AIM OF THE TASK: Output the complete listing exactly.

########

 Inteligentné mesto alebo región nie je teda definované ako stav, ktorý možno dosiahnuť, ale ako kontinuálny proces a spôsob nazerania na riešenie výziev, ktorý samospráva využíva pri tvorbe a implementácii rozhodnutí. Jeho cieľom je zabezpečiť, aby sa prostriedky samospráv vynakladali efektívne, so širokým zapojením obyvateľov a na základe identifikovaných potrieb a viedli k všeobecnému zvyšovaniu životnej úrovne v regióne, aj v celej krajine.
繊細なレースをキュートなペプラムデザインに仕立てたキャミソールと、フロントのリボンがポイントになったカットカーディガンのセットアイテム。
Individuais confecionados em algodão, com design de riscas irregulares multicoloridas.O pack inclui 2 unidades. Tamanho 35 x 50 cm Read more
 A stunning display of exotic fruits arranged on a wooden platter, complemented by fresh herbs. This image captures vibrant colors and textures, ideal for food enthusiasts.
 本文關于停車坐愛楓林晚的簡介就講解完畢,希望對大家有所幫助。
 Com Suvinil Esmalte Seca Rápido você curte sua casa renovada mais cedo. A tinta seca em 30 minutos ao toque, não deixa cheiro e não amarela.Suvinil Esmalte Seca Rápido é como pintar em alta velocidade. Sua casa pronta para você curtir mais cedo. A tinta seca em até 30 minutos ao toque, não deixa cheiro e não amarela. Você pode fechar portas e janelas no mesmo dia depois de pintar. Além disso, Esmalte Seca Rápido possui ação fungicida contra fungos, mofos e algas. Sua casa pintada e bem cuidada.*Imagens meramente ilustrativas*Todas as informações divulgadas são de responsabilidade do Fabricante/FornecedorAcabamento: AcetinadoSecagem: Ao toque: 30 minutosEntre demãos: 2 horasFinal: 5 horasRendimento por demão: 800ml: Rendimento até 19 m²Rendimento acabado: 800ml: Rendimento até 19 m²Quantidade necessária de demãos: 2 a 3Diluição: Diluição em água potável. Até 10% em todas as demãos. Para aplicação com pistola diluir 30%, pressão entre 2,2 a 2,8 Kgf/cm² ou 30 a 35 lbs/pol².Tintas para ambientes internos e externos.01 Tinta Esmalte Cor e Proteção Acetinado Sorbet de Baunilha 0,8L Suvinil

########

YOUR SOLUTION:
 Inteligentné mesto alebo región nie je teda definované ako stav, ktorý možno dosiahnuť, ale ako kontinuálny proces a spôsob nazerania na riešenie výziev, ktorý samospráva využíva pri tvorbe a implementácii rozhodnutí. Jeho cieľom je zabezpečiť, aby sa prostriedky samospráv vynakladali efektívne, so širokým zapojením obyvateľov a na základe identifikovaných potrieb a viedli k všeobecnému zvyšovaniu životnej úrovne v regióne, aj v celej krajine.
繊細なレースをキュートなペプラムデザインに仕立てたキャミソールと、フロントのリボンがポイントになったカットカーディガンのセットアイテム。
Individuais confecionados em algodão, com design de riscas irregulares multicoloridas.O pack inclui 2 unidades. Tamanho 35 x 50 cm Read more
 A stunning display of exotic fruits arranged on a wooden platter, complemented by fresh herbs. This image captures vibrant colors and textures, ideal for food enthusiasts.
 本文關于停車坐愛楓林晚的簡介就講解完畢,希望對大家有所幫助。
 Com Suvinil Esmalte Seca Rápido você curte sua casa renovada mais cedo. A tinta seca em 30 minutos ao toque, não deixa cheiro e não amarela.Suvinil Esmalte Seca Rápido é como pintar em alta velocidade. Sua casa pronta para você curtir mais cedo. A tinta seca em até 30 minutos ao toque, não deixa cheiro e não amarela. Você pode fechar portas e janelas no mesmo dia depois de pintar. Além disso, Esmalte Seca Rápido possui ação fungicida contra fungos, mofos e algas. Sua casa pintada e bem cuidada.*Imagens meramente ilustrativas*Todas as informações divulgadas são de responsabilidade do Fabricante/FornecedorAcabamento: AcetinadoSecagem: Ao toque: 30 minutosEntre demãos: 2 horasFinal: 5 horasRendimento por demão: 800ml: Rendimento até 19 m²Rendimento acabado: 800ml: Rendimento até 19 m²Quantidade necessária de demãos: 2 a 3Diluição: Diluição em água potável. Até 10% em todas as demãos. Para aplicação com pistola diluir 30%, pressão entre 2,2 a 2,8 Kgf/cm² ou 30 a 35 lbs/pol².Tintas para ambientes internos e externos.01 Tinta Esmalte Cor e Proteção Acetinado Sorbet de Baunilha 0,8L Suvinil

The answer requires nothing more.